Unlicensed developers and fans have created unofficial media, especially video games, relating to the Sonic the Hedgehog franchise. These products include video games, video game mods, ROM hacks, comics, and animations. They are part of the wider Sonic fandom.

Due to the popularity of the franchise, some of these products have received media attention. Sega is permissive of most fangames, as long as they are not for profit. Some Sonic fan game developers have gone on to work on official Sonic content, most prominently Sonic Mania (2017), while others have subsequently created original games that feature Sonic-inspired mechanics.

==Video games==
===Fan games===
The following are all original games based on the Sonic series:

- Green Hill Paradise Act 2 is a 3D Sonic game built by Daniel "SuperSonic68" Coyle and other collaborators with the 3D Sonic Games Development Kit. This game gained notability for receiving a positive response from Sega.

- Sonic Utopia is 3D Sonic game demo, which demonstrates 3D Sonic gameplay in a large open world.

- Sonic Before the Sequel is a 2D Sonic game created by Felipe "LakeFeperd" Daneluz, set in between the events of Sonic the Hedgehog and Sonic the Hedgehog 2. The game's original release in 2011 had a soundtrack with reused music coming from different video game franchises like Kirby, but a second release in 2013 came with original music specifically for the game. The game received wide critical praise for its faithfulness to earlier titles. Two sequels, Sonic After the Sequel and Sonic Chrono Adventure, were later developed and released in 2013, the latter incorporating Metroidvania and time travel elements. Daneluz would later develop an original platform series with Sonic-inspired mechanics, Spark the Electric Jester.

- Sonic Dreams Collection is a parody game by Arcane Kids presented as a Dreamcast development kit containing cancelled Sonic games. The game caught media attention for its bizarre nature and its intent to lampoon the Sonic fandom.

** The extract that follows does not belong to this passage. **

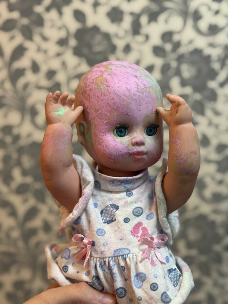 И вашему вниманию представляется кукла Олеся, которой Лиза старательно делала грим. 😄 По-моему, оттенки подобраны со вкусом, хорошо сочетаются)

- Sonic Fan Remix is a 2.5D Sonic game created in Unity that features reimagined levels from past Sonic games.

- Retro Sonic is a 2D Sonic game created by Christian Whitehead. It is the first game to use the Retro Engine (the engine used for the 2011 remaster of Sonic CD), and later merged with two other Sonic fangames, Sonic Nexus and Sonic XG, to form Retro Sonic Nexus, a collaboration project led by Whitehead. Retro Sonic Nexus was ultimately cancelled in 2011, splitting up the three projects, while Whitehead went on to work with Sega to develop remasters of early Sonic titles, later directing Sonic Mania.

- Sonic Robo Blast 2 is a 3D Sonic game that uses a modified version of the Doom Legacy engine and has been in development since 1998. The game gained notability for being the first 3D Sonic fangame, and it continues to be updated by its developers and supported by its community to the present day. A kart racing variant, Sonic Robo Blast 2 Kart, was released in November 2018 using the same engine; a sequel, Dr. Robotnik's Ring Racers, was released in 2024.

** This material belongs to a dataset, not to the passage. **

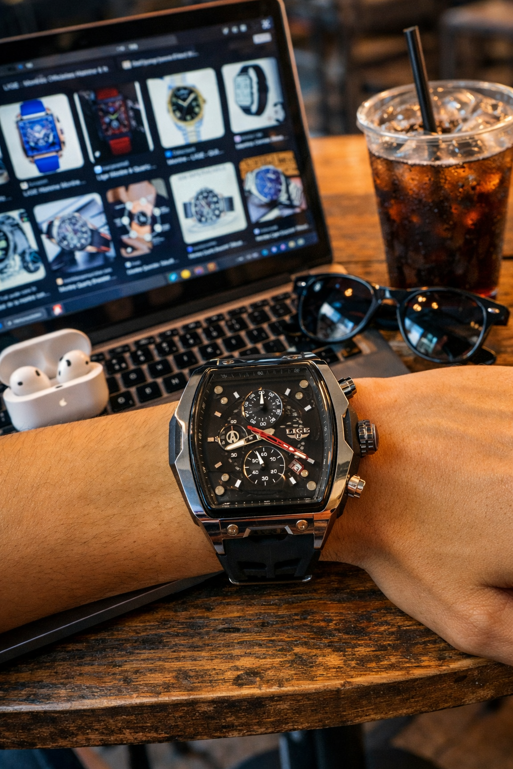 ساعة رجالية LIGE براصلي سيليكون اسود بلكاملساعة أصلية

- Chao Resort Island is a fangame for Microsoft Windows and macOS, based upon the Chao-raising minigames in Sonic Adventure.

- Sonic World is a game heavily based upon the Sonic Adventure titles and Sonic Heroes. It features over 30 playable characters and the ability to make Heroes-style teams, as well as remastered levels from various Sonic games. An upgraded version called Sonic World DX received its first demo release in 2020, and remains in active development.

- Sonic Z-treme is a homebrew Sega Saturn game that aims to recreate concepts from the canceled game Sonic X-treme using original code. It can be made to run on real Saturn hardware if it is burned to a disc.

- Sonic the Hedgehog 2 HD is a high-definition fan remaster of Sonic the Hedgehog 2 in development. The final version is planned to feature additional stages and the ability to play levels as Knuckles the Echidna. Some previous members of the development team would go on to work on Sonic Mania.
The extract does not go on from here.